**EXERCISE AIM**. Would you return exactly the lines from the top of the data below through the one containing "1、打開高考直通車APP,彈", leaving out the pictures?

**THE DATA**.
****************

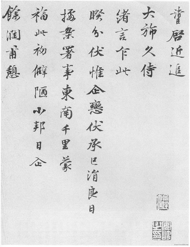 清臣啟 近追大旆 久侍緒言 乍此暌分 伏惟企戀 伏承已涓良日 據(jù)案署事 東南千里 蒙福此初 僻陋小邦 日企余潤 甫憩棠苃 體中若何 聽決余閑 善輔沖守 不宣 清臣再拜 資政大諫天休十兄 防閤 七月五日
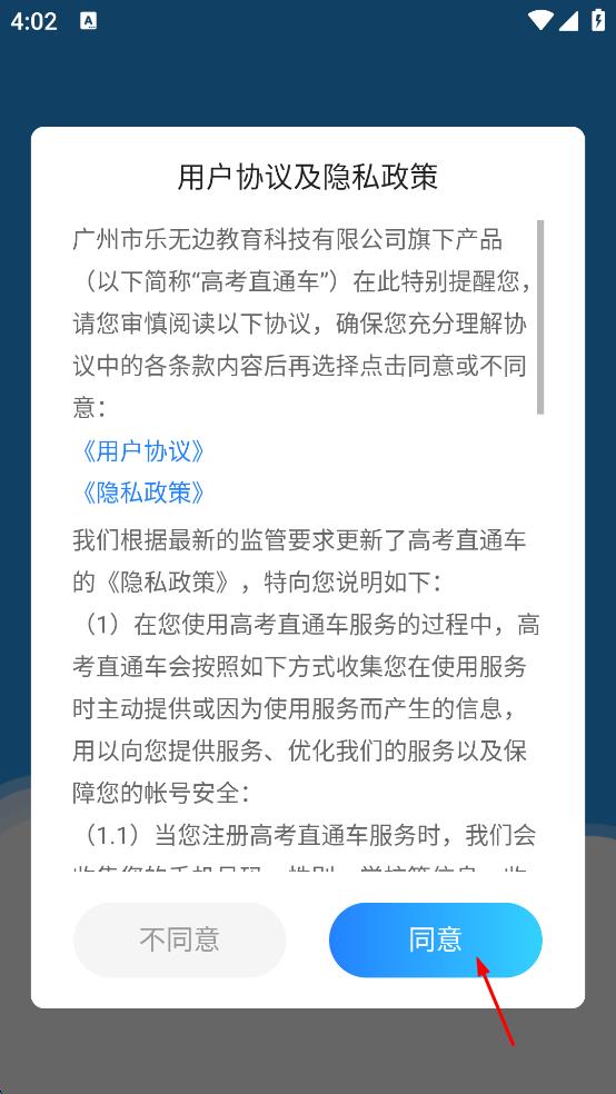 1、打開高考直通車APP,彈出用戶協(xié)議及隱私政策窗口,閱讀后點擊“同意”按鈕,進入APP主界面。
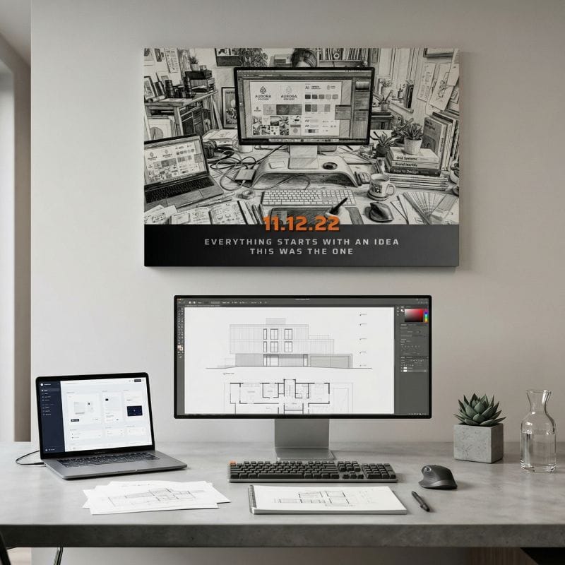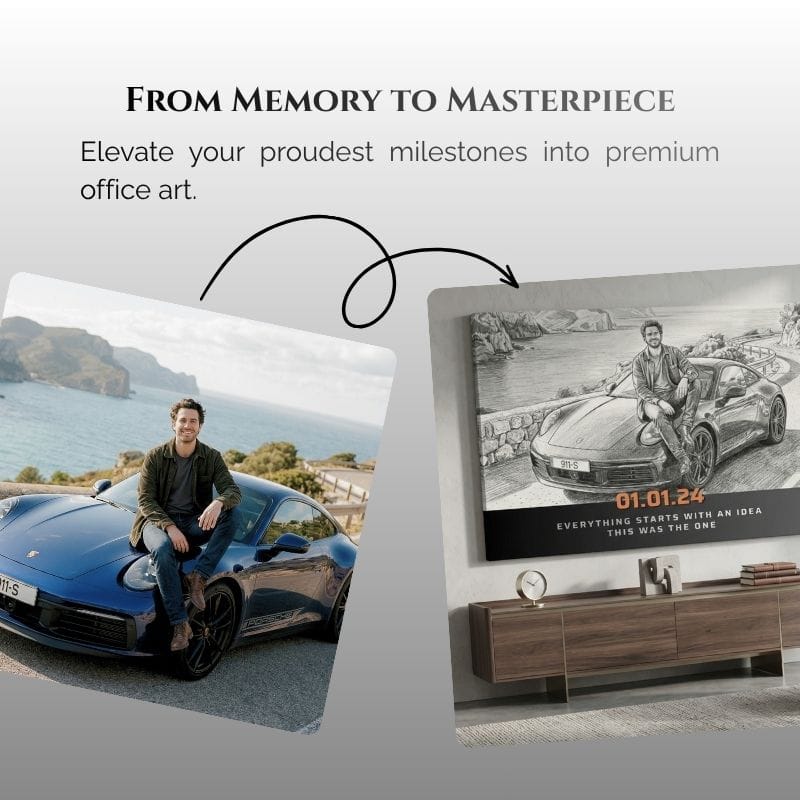 💡 Workspace Decor Tip: To manifest sharpness, maturity, and peak achievement, nothing is more fitting than a Pencil Sketch style. This style carries the vibe of an architectural blueprint—the foundation of all creation. A portrait of you next to your greatest achievement, accompanied by the quote, “Everything starts with an idea – this was the one,” is the strongest affirmation you can send to the universe. It rewires your subconscious to know: You have the power to turn ideas into reality, and your next great idea is already on its way.

****************

**EXERCISE SOLUTION**.
 清臣啟 近追大旆 久侍緒言 乍此暌分 伏惟企戀 伏承已涓良日 據(jù)案署事 東南千里 蒙福此初 僻陋小邦 日企余潤 甫憩棠苃 體中若何 聽決余閑 善輔沖守 不宣 清臣再拜 資政大諫天休十兄 防閤 七月五日
 1、打開高考直通車APP,彈出用戶協(xié)議及隱私政策窗口,閱讀后點擊“同意”按鈕,進入APP主界面。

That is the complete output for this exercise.